Edwin Jackson was shaky out of the chute, and gave up four runs on eight hits. He settled down a bit, but as he made way for the bullpen, the fire began to rage again, and before it was all done the Cards had hung eight on the Nats. Pete Kozma’s three-run homer in the second was the big blow, but the Cardinals ended up needing only one run to secure the win.

The hittability of Nats pitchers led broadcasters Bob Costas and Jim Kaat to note the absence of Stephen Strasburg. And to note that his absence will turn into serious heat on Mike Rizzo and the Nats brass should Washington go on to lose this series.  I think they’re right about that.  And indeed, anyone who has read this blog over the past few months knows that I disagreed with the Nats shutting down Strasburg too. But let me say this: the way the Nats are losing this series shouldn’t bring any more heat on Rizzo for the Strasburg shutdown than he’s otherwise getting.

The Nats won Game 1 with Gio Gonzalez. They lost Games 2 and 3 due to poor outings from Jordan Zimmermann and Edwin Jackson. Guess what: barring a sweep, all three of those pitchers would have gotten starts in the NLDS. They needed Jackson and Zimmermann to pitch well even if Strasburg was there. They didn’t. The biggest difference will be seen in Game 4 when Ross Detwiler gets the nod, but his presence has yet to damage Washington’s chances.

Beyond the poor outings from Zimmermann and Jackson, the real culprit here has been the Nationals’ somnambulistic offense.  Washington was shut out today, leaving scads of runners on base — I counted 11. On Monday they were down 7-1 before the bats woke up. Even in the win on Saturday they scored only three. You can’t give up 22 runs in three games and expect good things, but you gotta score some runs yourself too, you know.
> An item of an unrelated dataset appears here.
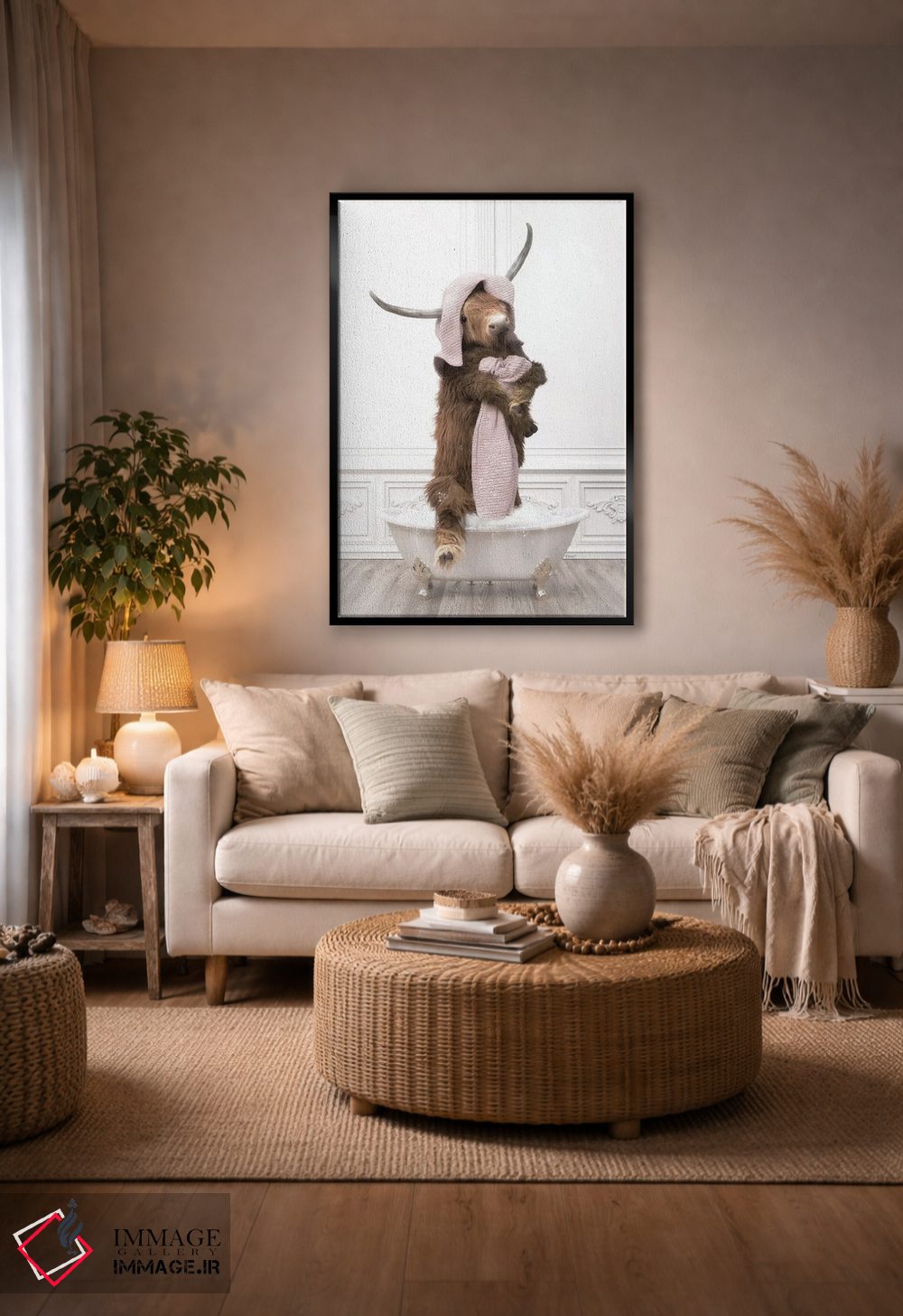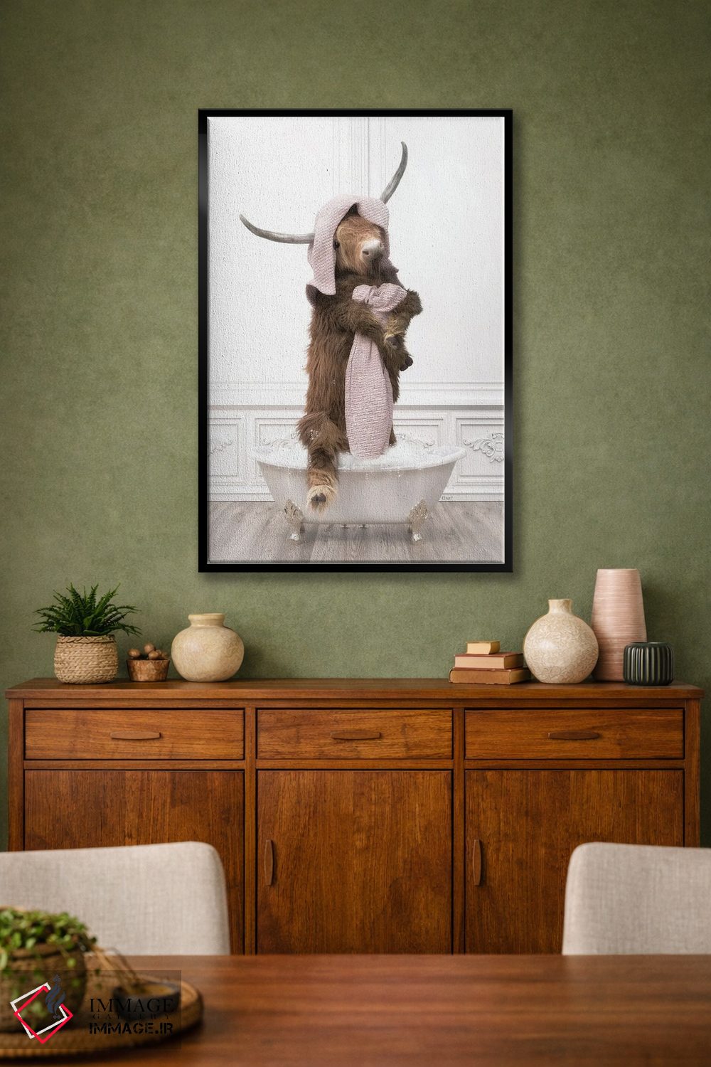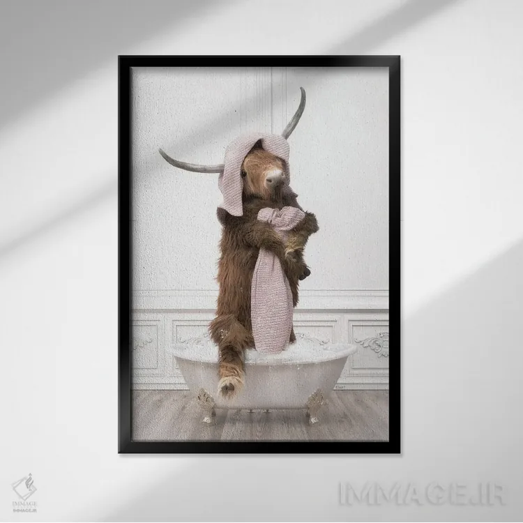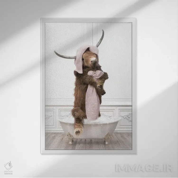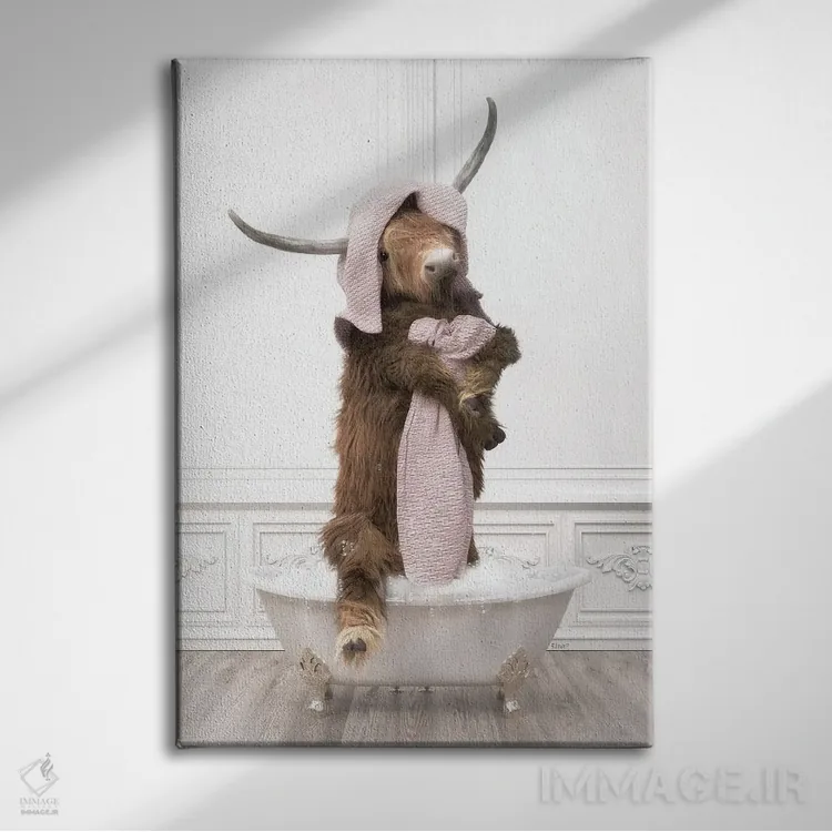 اگر به آثار حیوانات علاقه دارید، «گاو کوهستانی در حمام با حوله حمامی» اثرِ «جوفری فیلیپ» گرما و شخصیت به فضا اضافه میکند، برای اتاق بازی یا گوشهٔ مطالعه گزینهٔ مناسبیست. برای دیوار گالریوار هم گزینهٔ خوبیست.

So no, I’m not changing my mind about the Stephen Strasburg shutdown. I still think it’s a bad call to willingly deprive yourself of your best pitcher entering a playoff series. And if the difference in this series ends up being one solid pitching performance, I’ll be willing to entertain the notion that Strasburg was as critical as people will soon be saying.  But, as it is right now, let’s not pretend that Stephen Strasburg’s absence is the difference here.  The Nats are in serious trouble, and it is because of a total team failure, not because of some front office decision.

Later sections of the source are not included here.